Ах да, кофе – Люк заметил выжидающий взгляд женщины, которая подарила ему жизнь, и кивнул: да, сразу. "Интересно, почему у мамы больше нет детей? – подумал он. – Вот бы у меня был младший брат или сестра. Наверное, все тогда могло бы быть иначе".

– Мам, а ты когда-нибудь хотела второго ребенка? – спросил он, поражаясь своей бестактности.

Она сделала вид, что не услышала. Она всегда так делала, чем жутко бесила Люка. Ну в конце концов можно уже смириться с тем, что твой сын – вырос, и рассказывать сказки про сбившихся с курса аистов необязательно. Прямой вопрос предполагает прямой ответ. Разве это так сложно?

Люк внимательно смотрел на мать, пытаясь разгадать ее тайные мысли. Почему в ее руках дрогнула чашка на словах “не хотела второго ребенка”? Отчего затуманился взгляд? Что он знает о ней, кроме того, что ее зовут Жюли и она – его мама?
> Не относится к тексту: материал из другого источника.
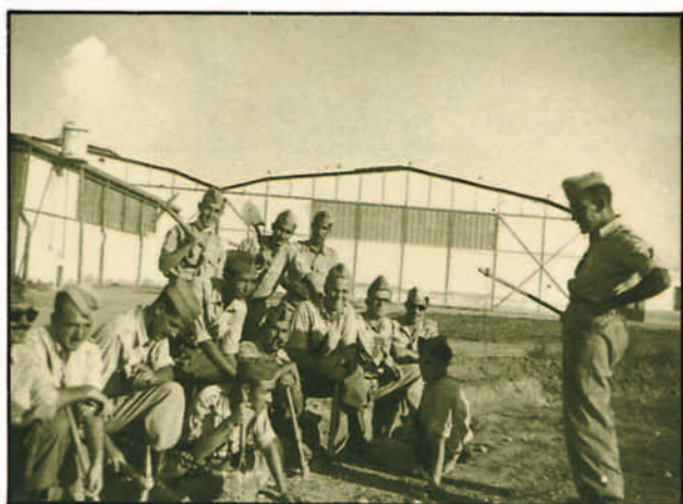
Alféreces Alumnos de la 2.ª Promoción de la AGA, en prácticas de fortificación de 4.º Curso en la Academia del Arma de Tropas de Aviación, Los Alcázares (Murcia).

tes, máxime cuando inicialmente —el primer semestre— realizaban los estudios en la Academia de Aviación de León, compartiéndolos con los compañeros del Arma de Aviación (EA). No obstante, los grupos no fueron similares en número entre sí. El 1.º grupo estaba formado por 90; el 2.º por 29, el 3.º por 6 y el 4.º por 40, según figuran en los respectivos Boletines Oficiales del Aire de nombramiento de tenientes profesionales.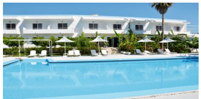
Die Anlage mit Pool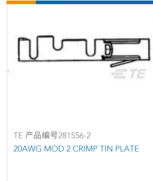
TE 产品编号281556-2 20AWG MOD 2 CRIMP TIN PLATE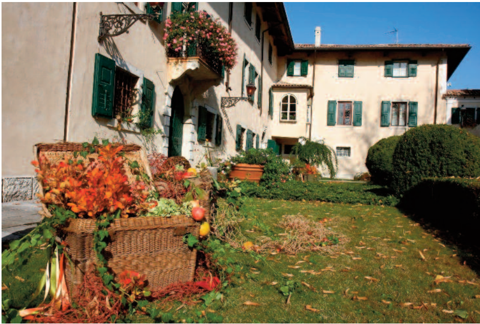
Castello di Strassoldo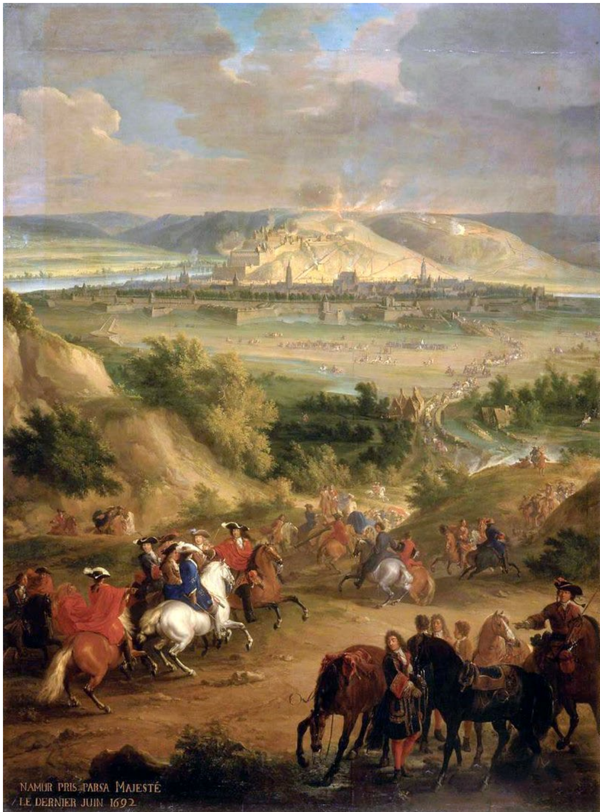
Siege of Namur (1692)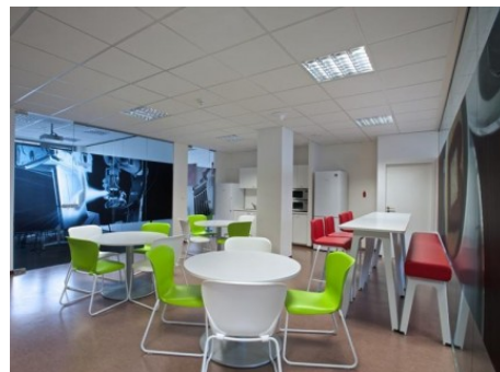
Praha 8 | Rohanské nábřeží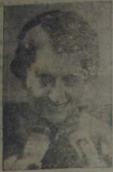
ప్రధాన మంత్రి ఇందిరాగాంధీ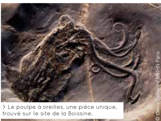
> Le poulpe à oreilles, une pièce unique, trouvé sur le site de la Boissine.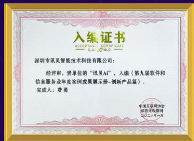
中国互联网2025年度创新产品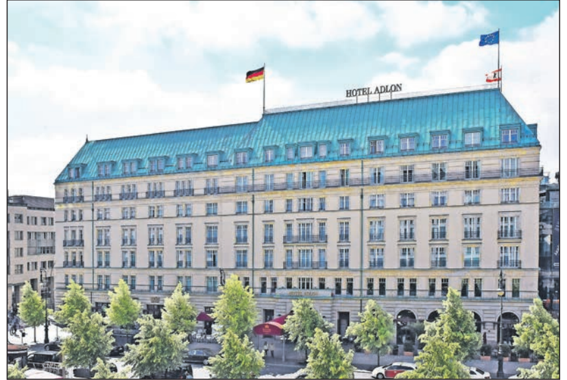
Das „berühmteste Hotel der Welt“ am Pariser Platz in Berlin können die Reporter-Leser im August 2023 ausführlich genießen.

Museum in Potsdam mit der gerade frisch eröffneten großen Sonder-Ausstellung „Holland in Potsdam“ mit mehr als 100 Meisterwerken von 40 Künstlern, darunter Vincent van Gogh, Jongkind, Piet Mondrian u.v.a. mit Leihgaben unter anderem aus dem Reichsmuseum Amsterdam, dem Kunstmuseum Den Haag und dem Kröller-Müller-Museum. Zum großen Leistungspaket der Reporter-Leser-Reise gehören neben der Busfahrt direkt ab Preetz und Plön im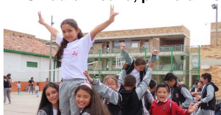
Fotografía 2. Porrimo es otra de las escuelas de formación que hizo parte de la primera prueba piloto realizada por el IMRD.

El Instituto Municipal de Recreación y Deporte realizó la “Feria de Servicios” en la IEO Laura Vicuña, como parte del plan piloto para la implementación de la jornada complementaria en los colegios de Chía.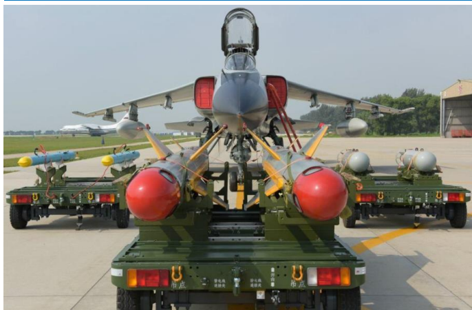
图 7：歼轰-7 装备的空对面导弹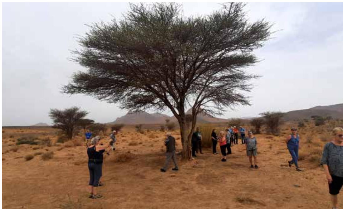
Pyrrum stráð akasútré finnast á stangli í eyðimörkinni.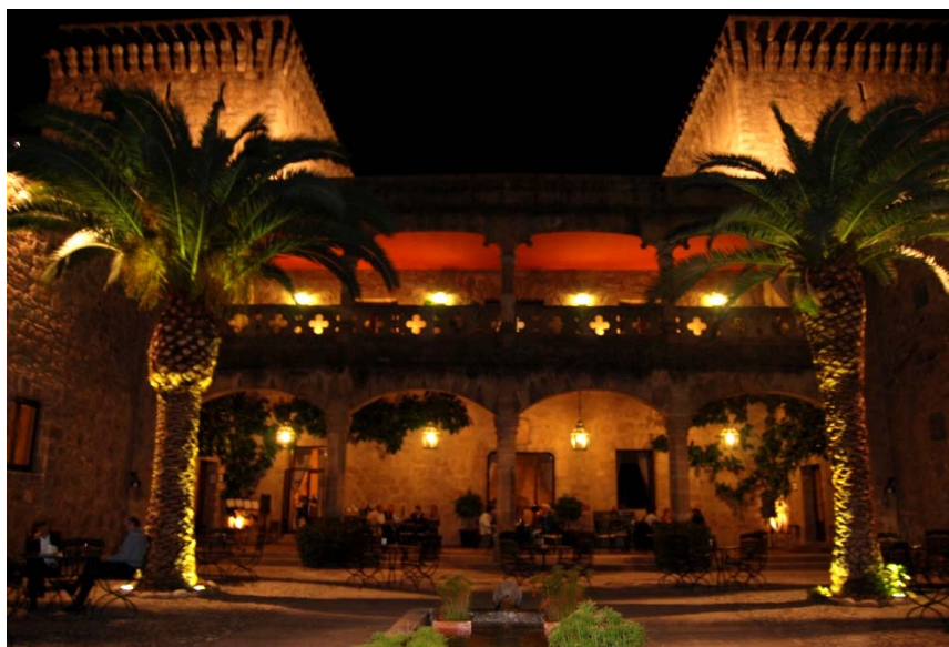
Fig. 3. Parador de Jarandilla de la Vera

Al mismo tiempo, tiene lugar la creación de dos de los establecimientos más emblemáticos de la red: el Hostal de San Marcos de León y el Hostal de los Reyes Católicos en Santiago de Compostela. En esta época forman parte de la Empresa Nacional de Turismo (ENTURSA), todavía tardarán un par de décadas en llegar a formar parte del organigrama de la Red de Paradores, cuando ENTURSA se privatiza durante el periodo en que Miguel Boyer ostenta la cartera de Economía.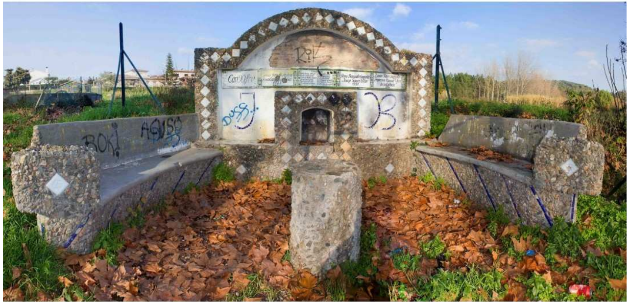
Font de Can Xifré (7)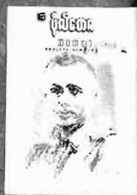
မိုလ်ပလိမေဝေါင် အောင်ဆန်း Quality တတည်အာဒွီ တန်ဖိုး - ၆၀၀၀ ကျပ်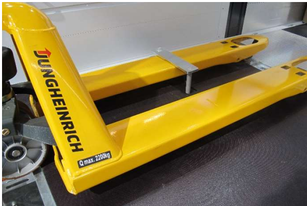
Pompwagenezekering links achter verzonken in de vloer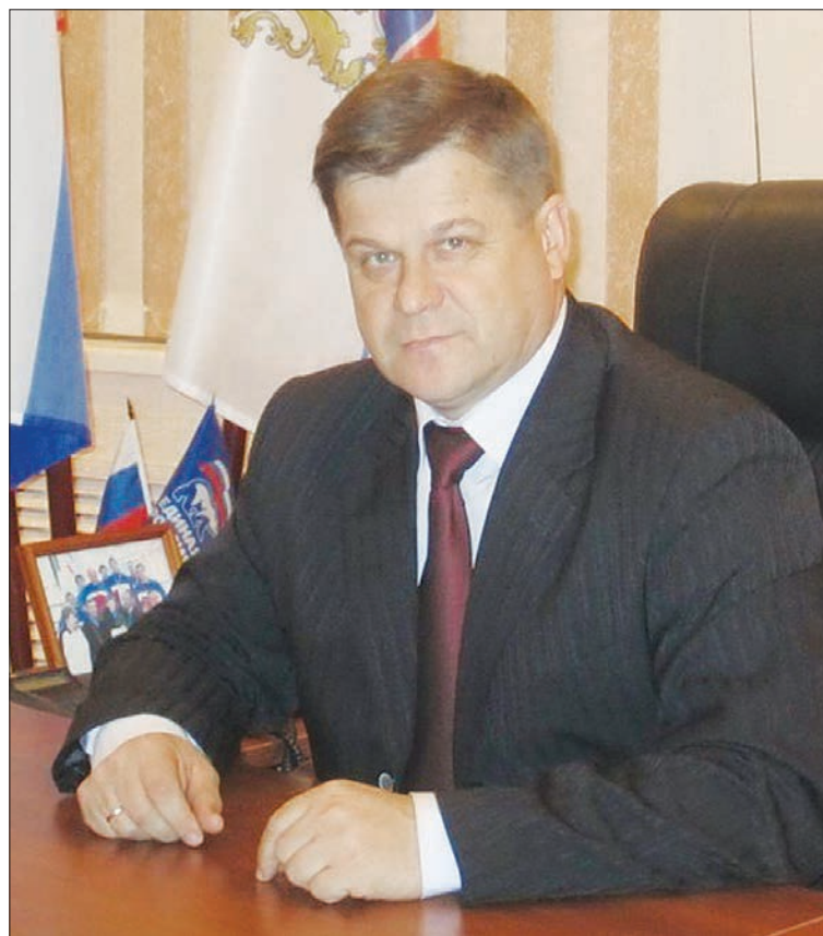
Глава района уверен: очередей больше не будет.

– На сегодня мы можем сказать, что проблема очередей в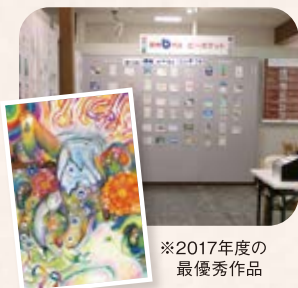
※2017年度の最優秀作品

まずは、創立75周年を記念して開催した当社主催のコンサート。今回で18回目を迎えたこのコンサートは、お客さまへの感謝の意を込め、無料でご招待しており、応募倍率は十数倍にもものぼる人気の催事となりました。当日はチャリティ募金を行い、皆さまの善意は災害義援金や各行政の社会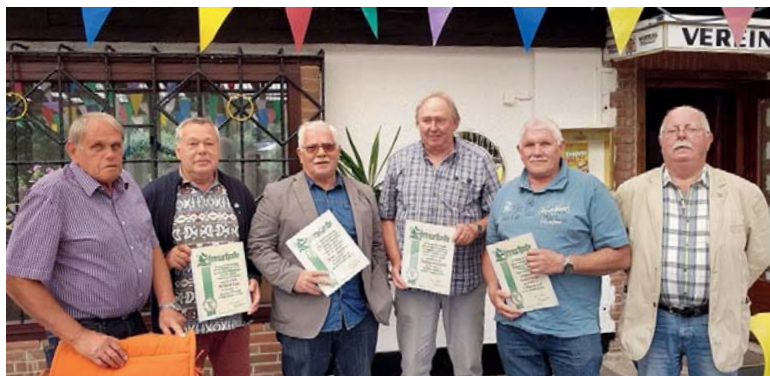
Ehrungen im KGV Kennelblick

Die Gartensaison neigt sich dem Ende und der Vorstand möchte wie jedes Jahr daran erinnern, die Gärten trotzdem regelmäßig zu besuchen, damit es keine bösen Überraschungen gibt.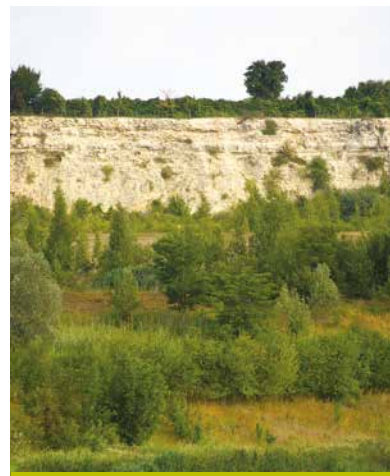
Front de taille

En raison de sa fragilité et de la dangerosité de la falaise, l'accès à la réserve est réglementé : on peut la découvrir lors de sorties organisées par la ville de Limay ou le Parc. D'autres circuits-découverte sont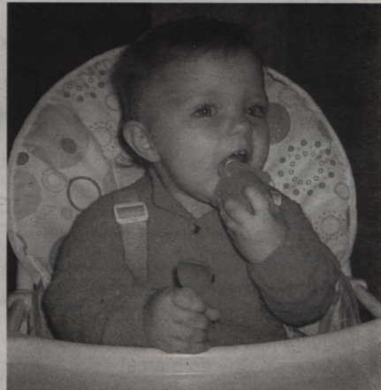
Powinniśmy uczyć dzieci dobrych manier przy stole, by w przyszłości nie czuły się zagubione w trudnych, oficjalnych sytuacjach, by nabrały pewności siebie.

Podsumowując, trzeba zaznaczyć, że najważniejsza w nauce kulturalnego zachowania przy stole jest konsekwencja. Cierpliwie korygujmy złe zachowanie, uparcie poprawiajmy dziecko i udzielajmy ostrzeżeń.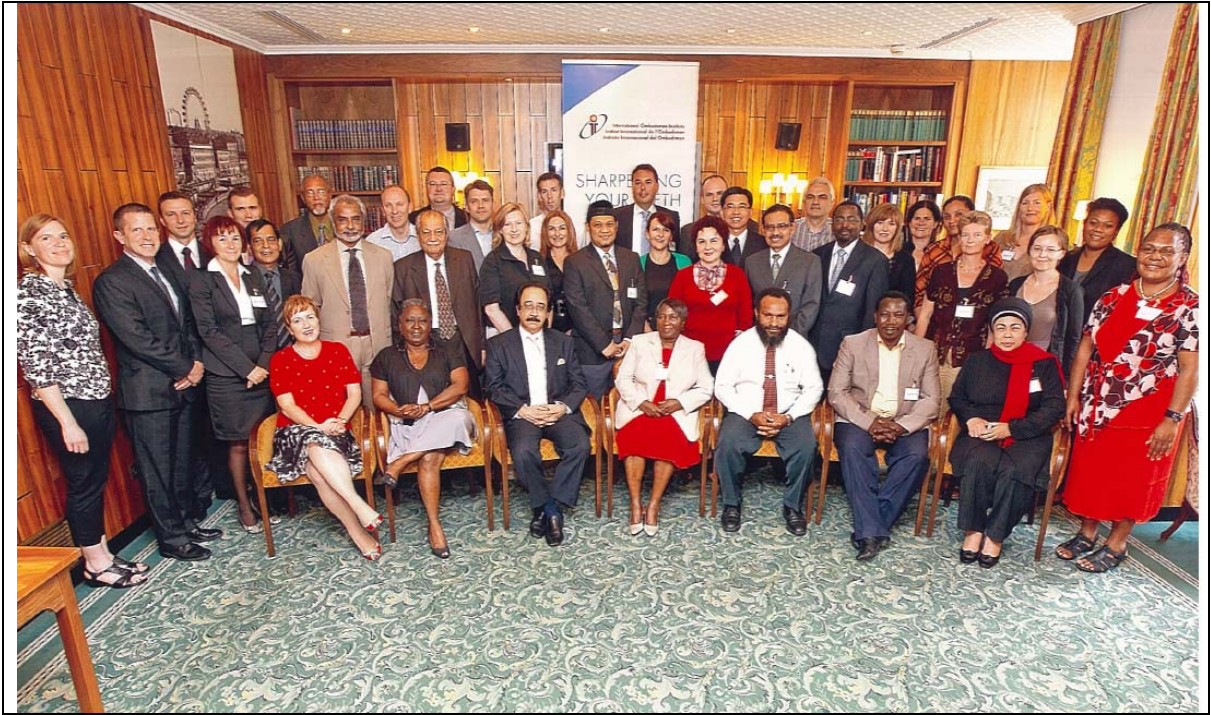
圖 33. 講師與全體受訓同學合影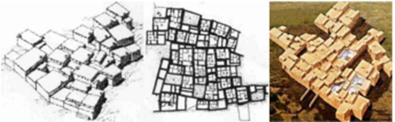
Pla de masse et volumétrie du village Çatal Huyuk ;

Le village néolithique, est un village qui abrite selon les archéologues entre 5000 et 10000 habitants sédentaires qui pratiquaient l'agriculture et l'élevage. Les bâtisses sont construites selon un style architectural magnifique avec des murs en briques crues et de la boues séchées, leurs auteurs sont appropriées, dont la plupart sont décorées d'étonnantes sculptures et peintures. Toutes les constructions sont juxtaposées les unes aux autres, l'absence des rues est très marquant peut être pour des raisons de défense. L'accessibilité se fait à travers les toitures par des ouvertures qui sert également de ventilation ou nous accédons à la pièce ou qui sert comme cuisine puisque nous trouvons le four. Les morts sont enterrés sous la plateforme des constructions. Tous ces bâtisses ne servent pas uniquement à l'habitat, beaucoup d'entre elles sont des « sanctuaires ». Seulement rien du style architectural ne permet de faire la distinction ; la différence se situe ailleurs, dans la décoration des murs et dans l'équipement du sol.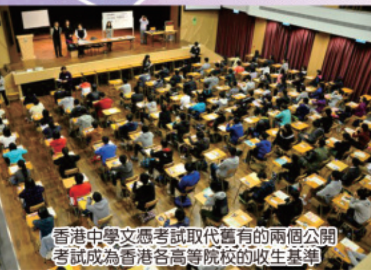
香港中學文憑考試取代舊有的兩個公開考試成為香港各高等院校的收生基準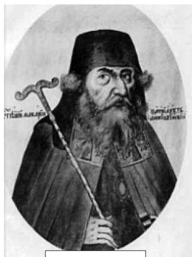
Paul de Alep

În dimineața zilei de 13 ianuarie 1657, Paul de Alep ajungea la Pitești, care, în opinia călătorului nostru, semăna mai degrabă cu un târg, decât cu un oraș în adevăratul sens al cuvântului. Dar, cu toate acestea, așezarea de la Pitești era vestită în toată Țara Românească, în vremea aceea, pentru vinul produs, care era „roșu și minunat de dulce” 6 . În seara aceleiași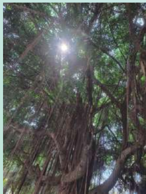
灑落樹梢間的那道晨光 商經二 邱翰陞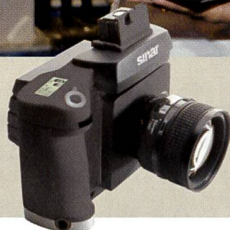
Die Sinar M wird jetzt ausgeliefert.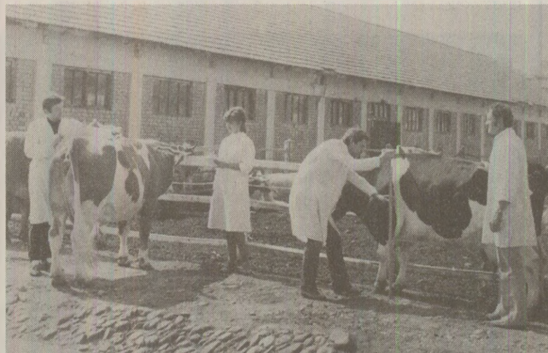
Tehnicienii agricoli din fermele de vaci aveau obligația să raporteze producția-record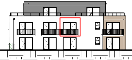
Façade Ouest - Échelle au 1/400ème

NOTA : Ces plans de vente ont été extraits du dossier de permis de construire. Les plans techniques d'exécution seront réalisés ultérieurement et feront figurer les implantations électriques ainsi que les radiateurs. Des modifications et des ajustements techniques sont susceptibles de faire évoluer les plans. Les éléments de mobilier (meubles, appareils ménagers et plan de travail) ne sont placés qu'à titre indicatif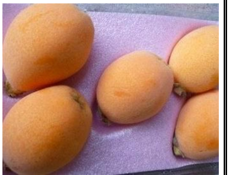
びわ 長崎 他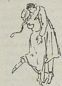
... waar dome van hem hand nijaand.

En dan, zijn de vrouwen niet, zoo als wij, kunne murmen, je maken? Dat alles zegt de schrijver ons, en bewijst het met bijna al de onom-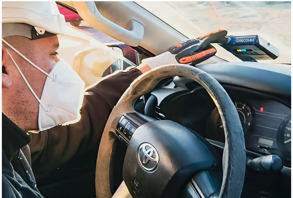
Motorista interagindo com o dispositivo de segurança da frota da ORBCOMM na cabine

Esse conhecimento pode ser passado pela Do Better aos seus clientes, permitindo que eles criem planos de treinamento específicos para a operação, respaldados pelos dados.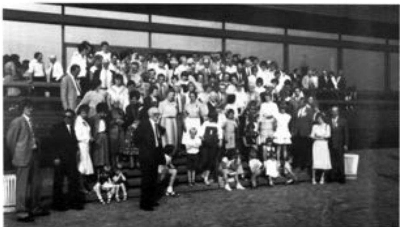
Nach dem Kaffeetrinken vor der Mensa, Nordkirchen, - etwa 100 von insgesamt 402 Festteilnehmern -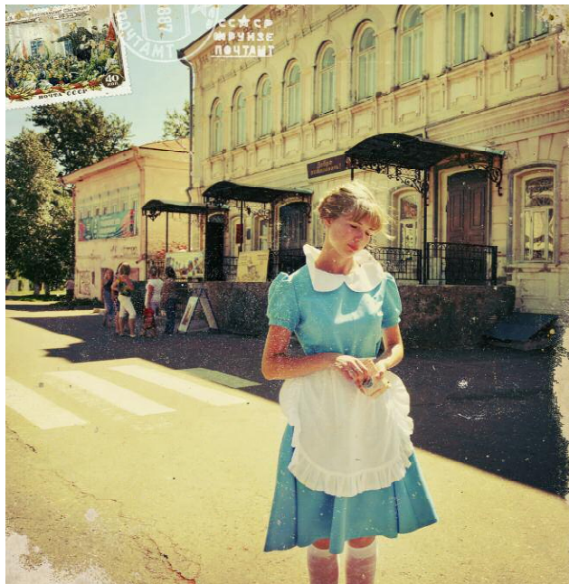
Pressebild 6 The tout in the tea shop at Kozmodemyansk [Mari El Republic]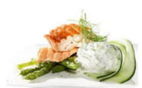
Medalhões de Salmão Grelhado com Molho Grego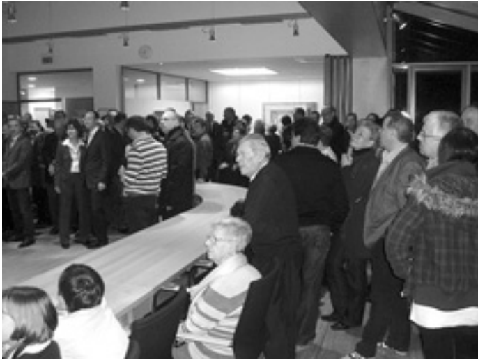
Die Spannung war spürbar: Rund 150 Bürger, darunter zahlreiche Gemeinde- und Ortschaftsräte, warteten im Sitzungssaal des Rathauses auf das Wahlergebnis.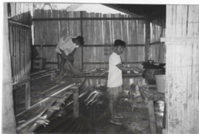
กิจกรรมการประกอบอาหาร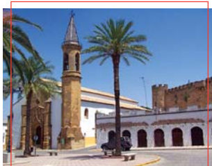
Plaza de la Constitución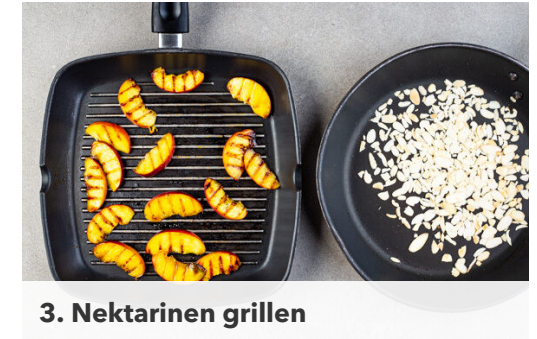
3. Nektarinen grillen

Die Karotte ggf. schälen und mit einem Sparschäler in dünne, breite Streifen schneiden. Die Gurke längs halbieren und quer in dünne Scheiben schneiden. Die Nektarine halbieren und in 8 Spalten schneiden, dabei den Stein entfernen. Die Nektarinenspalten mit 1TL Honig und 1TL Olivenöl vermengen.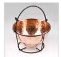
Capacità 3.8L per 2/6 persone Capacity 3.8L for 2/6 persons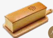
B6. 日式經典蜂蜜蛋糕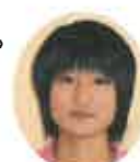
介護員 舞 ①鶴岡市藤島 ②継続は力なり

と思ひますが、常に努力し学ぶ心を忘れず謙虚な気持ちを持ち続け、自分なりに一生懸命頑張りたいと思ひます。よろしくお願ひします。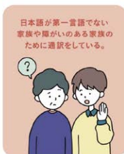
日本語が第一言語でない 家族や障がいのある家族の ために通訳をしている。

Детские воспоминания, которые сейчас он пытался выудить из глубин своей памяти, были смутными, размазанными, как попавший под дождь акварельный рисунок: светлое пятно – это мама возле ворот детского сада и он, в секунду превратившийся в улыбку, мчится навстречу сквозь солнечный день; бирюзовые глаза в черной каемке ресниц близко-близко – это мама наклонилась к нему, чтобы разбудить в школу; короткое ободряющее прикосновение – мама, которая будто всегда держалась чуть в стороне, дотронулась до его плеча, провожая в колледж. Она всегда была здесь и – не здесь. Редко обнимала. Была скупа на нежность. Напоминала андерсеновскую Снежную Королеву – прекрасная, недостижимая, далекая, словно из другого мира. Иногда он даже задумывался, а правда ли Жюли – его мама? Казалось, она ничего не способна дать – ни жизни, ни любви. И только когда появилась Софи, ледяная корка дала трещину – вся причитающаяся ему нежность хлынула теплой волной на эту смешливую девочку. Люк, случалось, ревновал – свою мать к своей девушке. Он тоже, он тоже хотел сидеть с Жюли на кухне и болтать ни о чем за чашкой чая, смотреть какую-нибудь комедию и хохотать во весь голос, не сдерживаясь и не одергивая себя внутренне: “А что скажет мама?”. У Софи это получалось так естественно, что иногда он думал, будто это она – дочь Жюли, а он так, случайно забрел в чужой уютный дом.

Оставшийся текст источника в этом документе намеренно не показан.